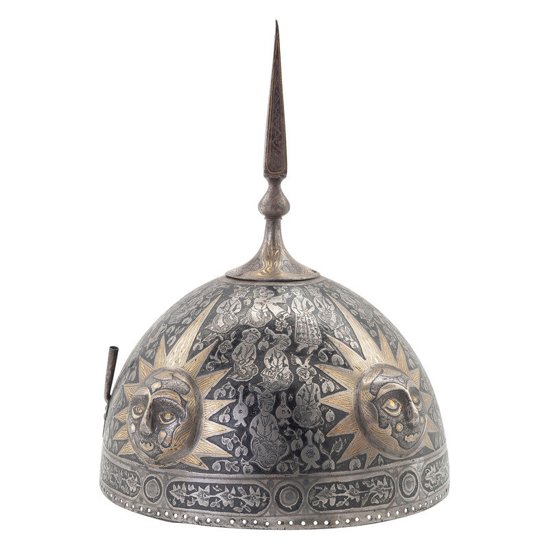 Nominally 8" diameter round helmet, approximately 5" tall with a 5.5" spike on top. Two plume mounts on front, nose guard missing. Chainmail aventail missing as well. Highly decorated with chiseled scenes of spirituality and four large embossed sun faces, possibly representing Surya with gold damascene highlights. No lining present.
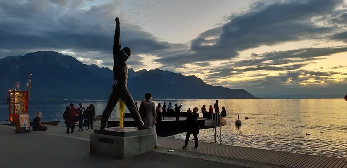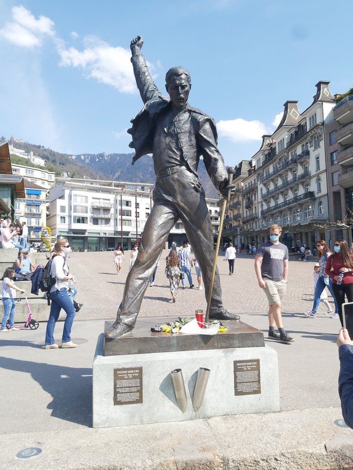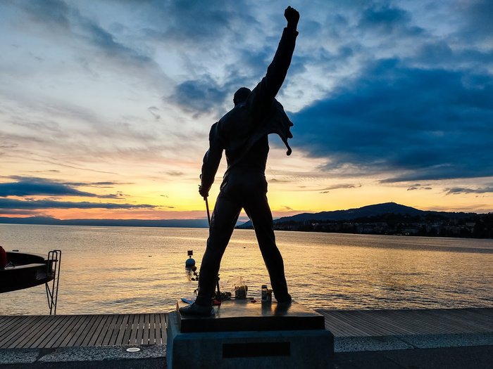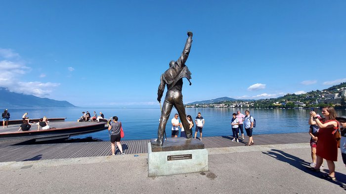 The bronze statue of Freddie Mercury, located on the bank and promenade of Lake Geneva, was carved in 1996 AD by plastic sculptor Irena Sedlecká, in honor of this wonderful singer and musician and in commemoration of his memory in the town, as he visited it and recorded his last album there ; There is also a wonderful Jazz Festival alongside it.
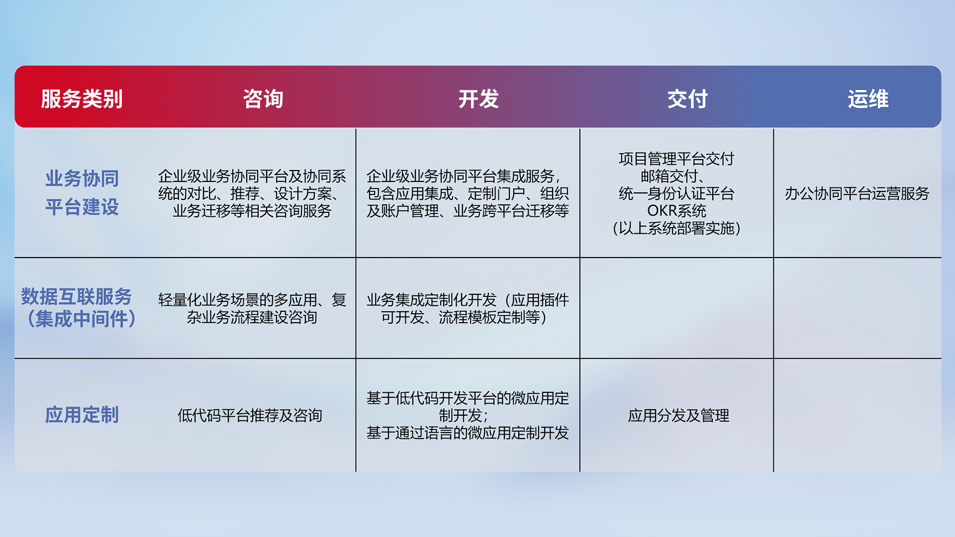 针对钉钉、、、、企微、、、、IDaas等平台级产品提供产品的规划、、方案、、交付、、定制化开发等服务,,,,实现如统一协同办公、、、智能客户服务、、、混合会议管理、、智能数据查询、、等业务场景,,,实现数字化转型。。

What to work on: Apart from the pictures, repeat the data above exactly.

Expected answer:
 Nominally 8" diameter round helmet, approximately 5" tall with a 5.5" spike on top. Two plume mounts on front, nose guard missing. Chainmail aventail missing as well. Highly decorated with chiseled scenes of spirituality and four large embossed sun faces, possibly representing Surya with gold damascene highlights. No lining present.
 The bronze statue of Freddie Mercury, located on the bank and promenade of Lake Geneva, was carved in 1996 AD by plastic sculptor Irena Sedlecká, in honor of this wonderful singer and musician and in commemoration of his memory in the town, as he visited it and recorded his last album there ; There is also a wonderful Jazz Festival alongside it.
 针对钉钉、、、、企微、、、、IDaas等平台级产品提供产品的规划、、方案、、交付、、定制化开发等服务,,,,实现如统一协同办公、、、智能客户服务、、、混合会议管理、、智能数据查询、、等业务场景,,,实现数字化转型。。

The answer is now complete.